BEGIN

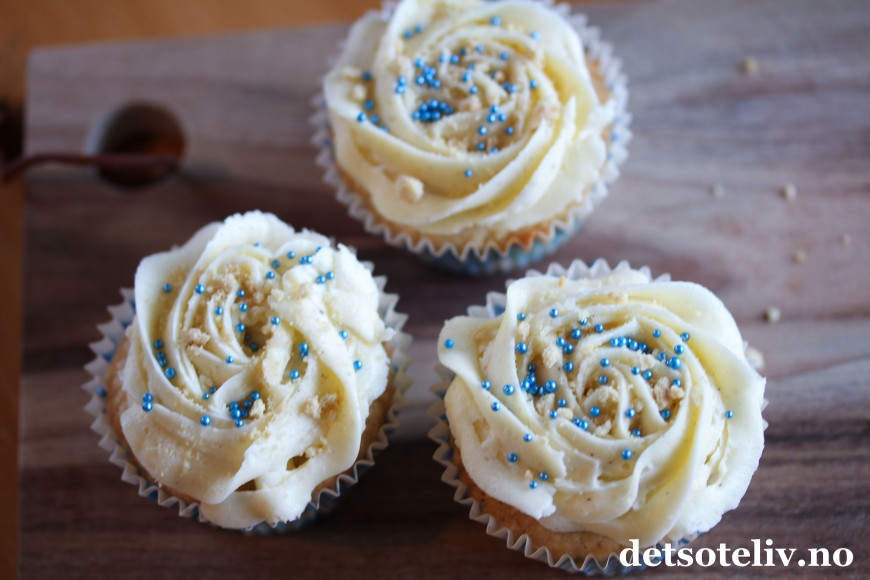 Håper du fikk lyst til å teste ut disse gode vaniljecupcakesene med vanilje-Oreos!
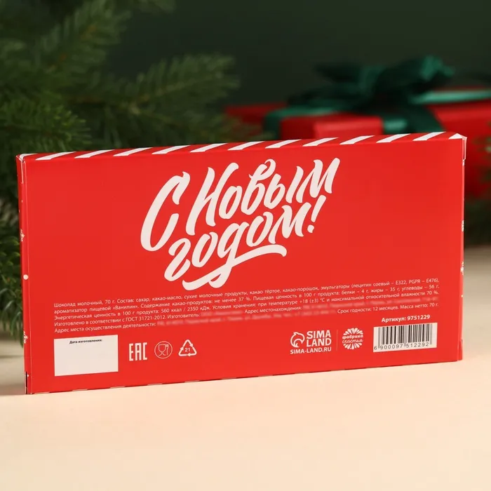 Шоколад новогодний молочный «От Деда Мороза» в открытке с кармашком для денег, 70 г. — Характеристики
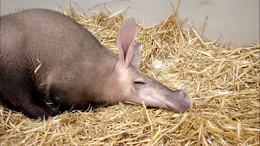 Alika the aardvark snoozing in her bed of hay during her month-long quarantine. As a nocturnal mammal, she spends most of the day sleeping and wakes up in the evening or night.
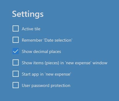 From here you can choose to show decimals, make sure that the app remembers the date you selected last time, always start the app in new expense mode, the app also lets you add a password to protect your data.
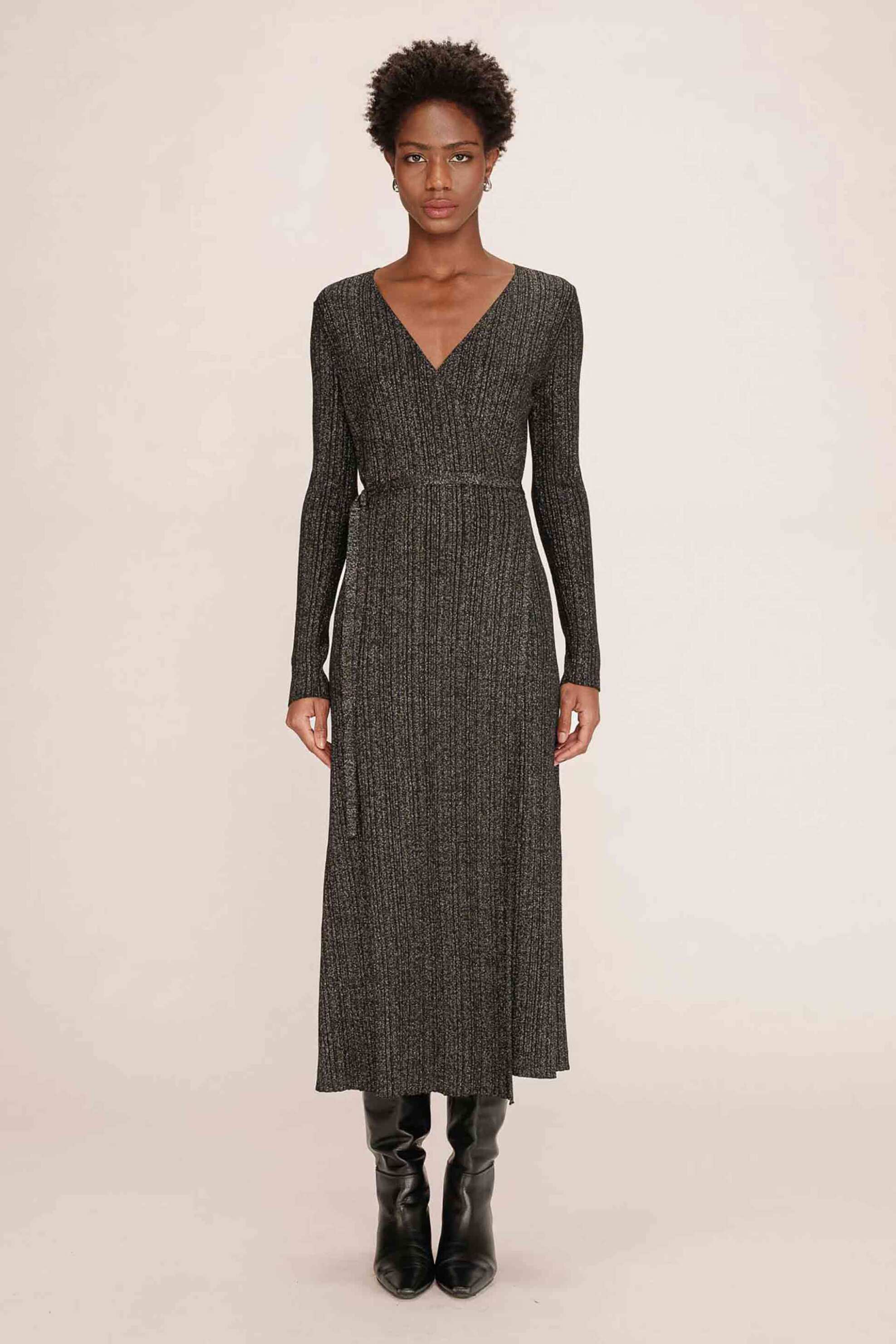 Γυναικείο φόρεμα lurex. Wrap κλείσιμο. V λαιμόκοψη. Μονόχρωμο. Μακρύ μανίκι. Προέλευση: CN. 52% recycled polyester, 30% βισκόζη, 18% metallic fiber Sustainable: προϊόν που έχει κατασκευαστεί με ίνες ανακυκλωμένου πλαστικού, μειώνοντας το περιβαλλοντικό αποτύπωμα. Το μοντέλο έχει ύψος 176 cm και φορ...
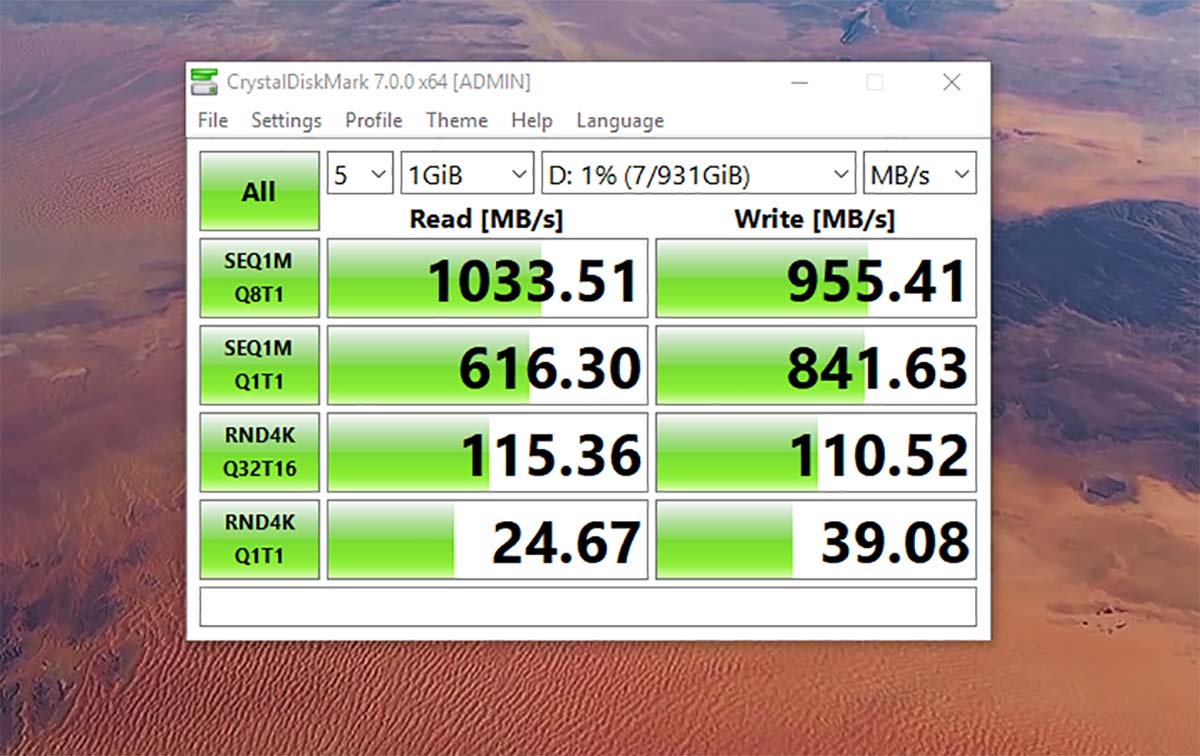 We tried a similar test on Windows PC to see if we could match those specs, and found a better result, with 1033 meg per second on read, but a good 50MB/s below the write. That’s still not bad, though perhaps this is mostly academic, because the speeds are still amazing, just not quite matching what WD says the drive can do.

END

Task brief: Print exactly the lines above that run from the one with "Шоколад новогодний молочный" down to the one with "Γυναικείο φόρεμα lurex.", and omit the pictures.

Exercise solution:
 Шоколад новогодний молочный «От Деда Мороза» в открытке с кармашком для денег, 70 г. — Характеристики
 Alika the aardvark snoozing in her bed of hay during her month-long quarantine. As a nocturnal mammal, she spends most of the day sleeping and wakes up in the evening or night.
 From here you can choose to show decimals, make sure that the app remembers the date you selected last time, always start the app in new expense mode, the app also lets you add a password to protect your data.
 Γυναικείο φόρεμα lurex. Wrap κλείσιμο. V λαιμόκοψη. Μονόχρωμο. Μακρύ μανίκι. Προέλευση: CN. 52% recycled polyester, 30% βισκόζη, 18% metallic fiber Sustainable: προϊόν που έχει κατασκευαστεί με ίνες ανακυκλωμένου πλαστικού, μειώνοντας το περιβαλλοντικό αποτύπωμα. Το μοντέλο έχει ύψος 176 cm και φορ...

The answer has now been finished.